TD Cowen, Barclays turn more bearish on Tesla ahead of earnings
Tesla shares remained on a heater on Wednesday, April 15, climbing nearly 7.4% at last check in the early afternoon, despite two bearish analyst notes from TD Cowen and Barclays.
Barclays analysts maintained an equal-weight rating and $360 price target on the electric vehicle maker, representing a slight downside from the stock's $366.83 opening price.
"Barclays believes Terafab could cost in the mid-single digit trillion dollar range if fully built out. While Tesla's capex is unlikely to 'exponentially increase', a further step up from the elevated $20B figure Tesla talked to on the last earnings call is likely," contends Barclays, thefly.com reported.
Barclays analysts pin the recent stock selloff on a lack of guidance about the company's Robotaxi and Optimus progress. Tesla said earlier this year it was mothballing its Model S and Model X brands to focus on robotics and AI.
According to the firm, while the sell-off "could imply on the surface an opportunity for the stock to outperform" after the Q1 results are released. Barclays says it takes a "more tempered view into the print" as any suggestions of incremental capex spending "could be perceived negatively."
Meanwhile, analysts at TD Cowen remained bullish on the company, maintaining its buy rating, while lowering its price target to $490 from $519.
The firm agrees that the lack of news about progress on Robotaxi and Optimus has "dampened sentiment" heading into the Q1 print, it also sees Tesla as better positioned than suppliers to offer investors outlook "reassurances and retaining guidance credibility."
TD Cowen believes Tesla has a low risk of guiding down in the earnings call and sees a slightly positive setup for the stock heading into the earnings release on Wednesday, April 22.
Stakes for Tesla "could not be higher," say BNP Paribas analysts
Earlier this year, Tesla shared it was pulling the plug on the Model S and Model X and would replace that production capacity with Optimus humanoid robots as part of the company's plan to build 1 million of them per year.
That plan may worry investors, since there is currently no discernible market for humanoid robots, and selling 10,000 of them in a year would be impressive.
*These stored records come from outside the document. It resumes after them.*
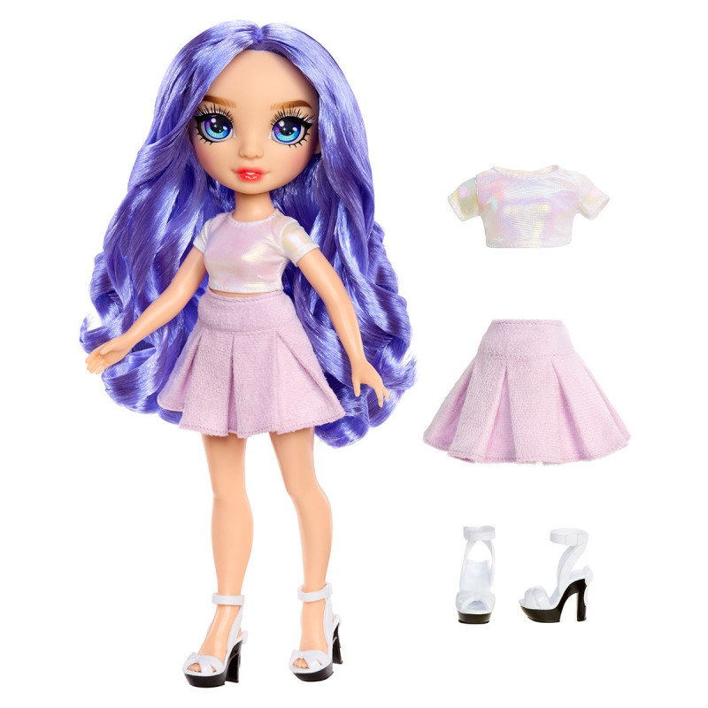 Познайомтеся з Вайолет — витонченою принцесою пастельного шику! Її ніжний ліловий лук створює відчуття легкої мрійливості, а пурпурне волосся додає яскравого, грайливого акценту до образу. Вайолет рухається з елегантністю й впевненістю, немов задає власний ритм моді, залишаючи за собою шлейф чарівності.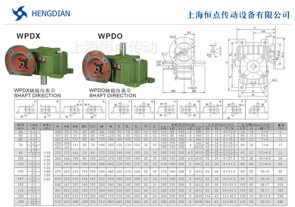 WPDO與WPDX減速機的外形尺寸及安裝尺寸,WPDO與WPDX減速機法蘭輸入,軸輸出.WPDO與WPDX減速機軸指向表示方法.機座号從40到250,可選速比從10到60.WPDO與WPDX系列蝸輪蝸杆減速機選型指南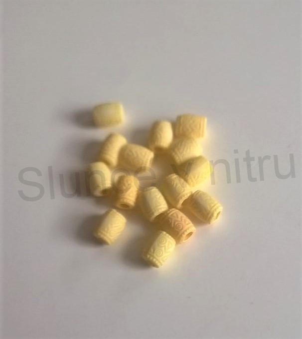 Plastový, akryl korálek váleček, soudek, ovál s dekorovaným povrchem. Vhodný na tvoření pro děti, či kreativní tvorby.

But the vehicle models the company is getting rid of haven't sold, either, so it may be a wash in the end.
Still, analysts at BNP Paribas aren't taking this Tesla experiment lightly because the company is also spending a lot of money to make it happen.
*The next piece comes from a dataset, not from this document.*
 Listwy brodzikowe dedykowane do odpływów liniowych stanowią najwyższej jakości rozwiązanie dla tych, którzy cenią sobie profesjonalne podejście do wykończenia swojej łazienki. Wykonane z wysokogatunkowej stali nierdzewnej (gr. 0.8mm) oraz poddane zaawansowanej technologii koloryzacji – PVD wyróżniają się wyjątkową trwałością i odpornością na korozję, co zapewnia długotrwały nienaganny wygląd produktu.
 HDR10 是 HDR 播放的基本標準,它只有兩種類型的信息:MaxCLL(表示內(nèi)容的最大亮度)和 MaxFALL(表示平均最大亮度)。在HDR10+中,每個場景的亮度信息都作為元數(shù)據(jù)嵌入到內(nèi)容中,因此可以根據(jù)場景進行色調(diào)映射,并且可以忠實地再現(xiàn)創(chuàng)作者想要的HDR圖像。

According to BNP, the other models that combined delivered 16,000 vehicles in the quarter benefited from demand that was artificially inflated, so once again, moving off of them makes sense.
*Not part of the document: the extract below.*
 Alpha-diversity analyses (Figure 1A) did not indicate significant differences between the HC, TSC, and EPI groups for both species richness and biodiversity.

However, Musk has made some pretty big promises about what Optimus and Robotaxi can do, and the firm says it's time for Tesla to "put up or shut up" in 2026.
"We view 1Q26's deliveries - modestly below consensus - as yet another input to the TSLA stock's challenged setup for this year, with EGS storage deployments also meaningfully light," BNP analysts said.
"A critical factor to this year is the Co.'s progress rate in its active Robotaxi fleet, which is climbing yet still limited to just two cities. The core catalysts for TSLA center on its ability to show meaningful progress toward its AI-defined future, inclusive of Robotaxi fleet expansion (targeting seven new cities in 1H26) and commercialized production of Optimus by year-end."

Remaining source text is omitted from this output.